If you have access to a restroom – like at a rest stop on a car trip – it's a good idea to go there even if you don't think you need it. This is called preventive bladder emptying.

By letting your bladder empty completely, you can wait longer until your next toilet trip.

8. Exercise your bladder

If you often find yourself in situations where you need to hold your pee, you might benefit from bladder training, says Eilber. This includes urinating at set intervals, z. B. Every hour.

Each week, increase the time by five minutes until you pee at an interval that is comfortable and healthy for you.

"You're physically stretching the muscle," says Eilber, which allows the bladder to comfortably hold more urine. Wait about six weeks to see a difference.

9. Peeing completely

When you finally reach a toilet, you may have problems urinating. That's because your pelvic floor muscles have been tightly contracted to hold the pee, Norouzi says.

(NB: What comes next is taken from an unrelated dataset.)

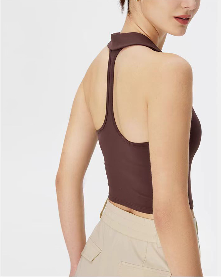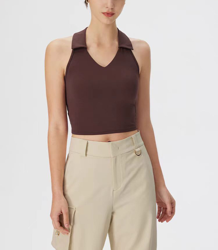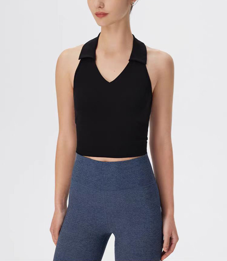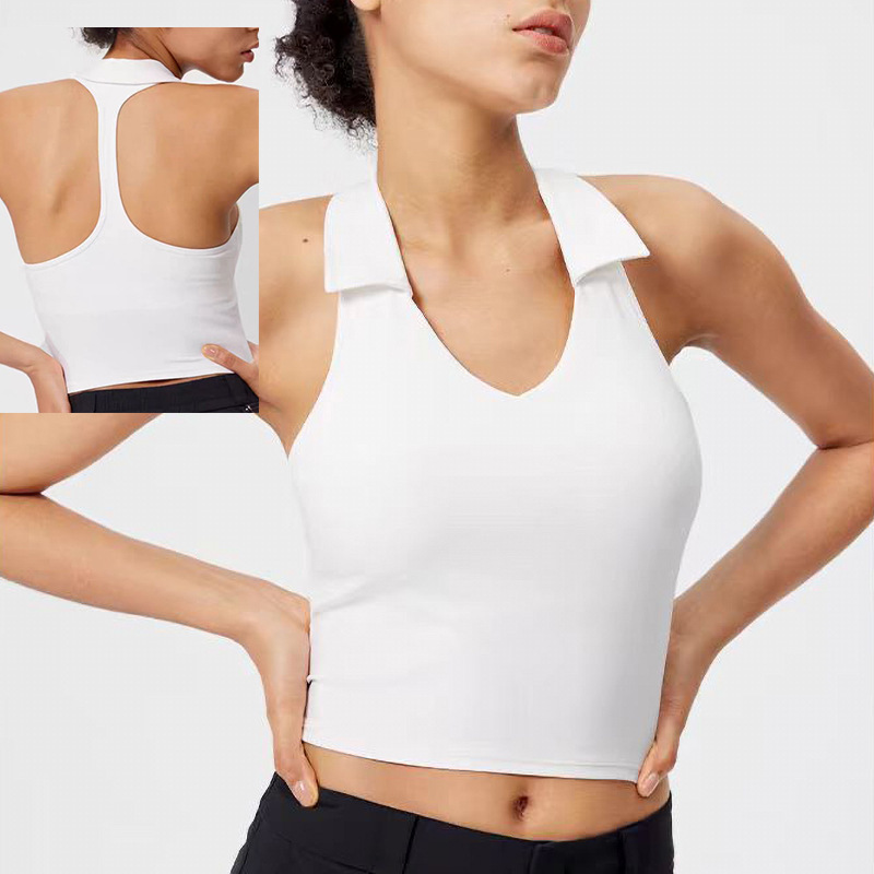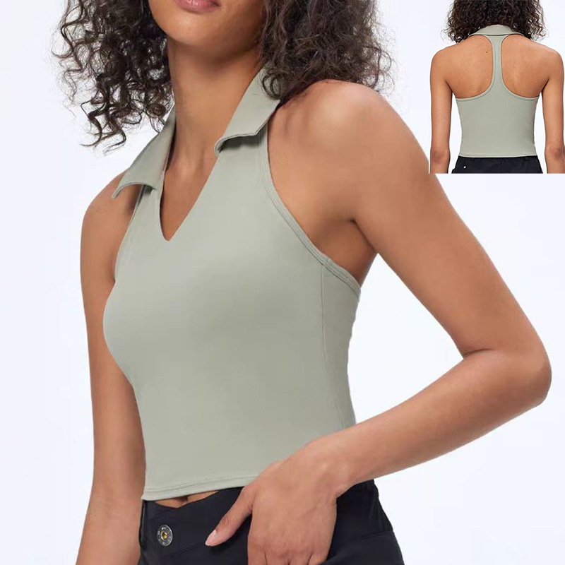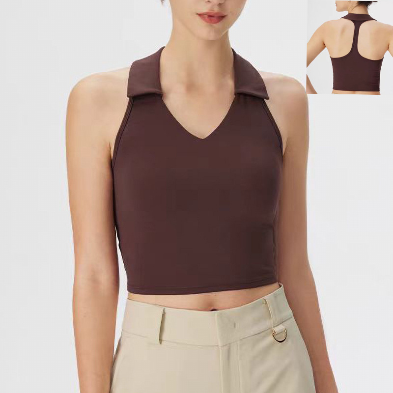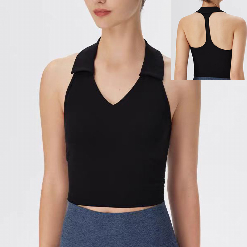 여성을위한 새로운 요가 조끼 POLO 딥 V 라펠 누드 푸시 업 가슴 패드 러닝 피트니스웨어 스포츠 속옷 여성용스토어 가기

Allow yourself 5-10 minutes on the toilet to fully relax your muscles and ensure your bladder is completely empty, he says.

Is it bad to pee for a long time?

It's okay to withhold urine in emergency situations, but you shouldn't make a habit of it, says Norouzi.

Delaying urination can weaken your bladder muscles and make you vulnerable to infections like urinary tract infections. In addition, sooner or later your bladder will no longer be able to hold urine.

"At some point it is no longer the head. 'You might get your feet wet there,' says Eilber.

How much urine can a bladder hold?

The average adult's bladder can hold 300-400 milliliters (ml) of urine. That's about 10-13 fluid ounces, or more than a cup of fluid.

But you can expect to produce 800-2.000ml of urine every day. Hence the need to pee several times throughout the day.

Insider takeaway

Having to pee when no restroom is available can make you feel desperate. Distracting yourself, playing a game, changing position, changing temperature, and even farting may help temporarily, but sooner or later you risk an accident if you delay urination.

There is no danger in peeing occasionally, but if you do it regularly, it can affect your muscle control and lead to infections. Besides, it's just inconvenient, says Eilber.

"There's nothing wrong with postponing if you have to," she says. But why wait?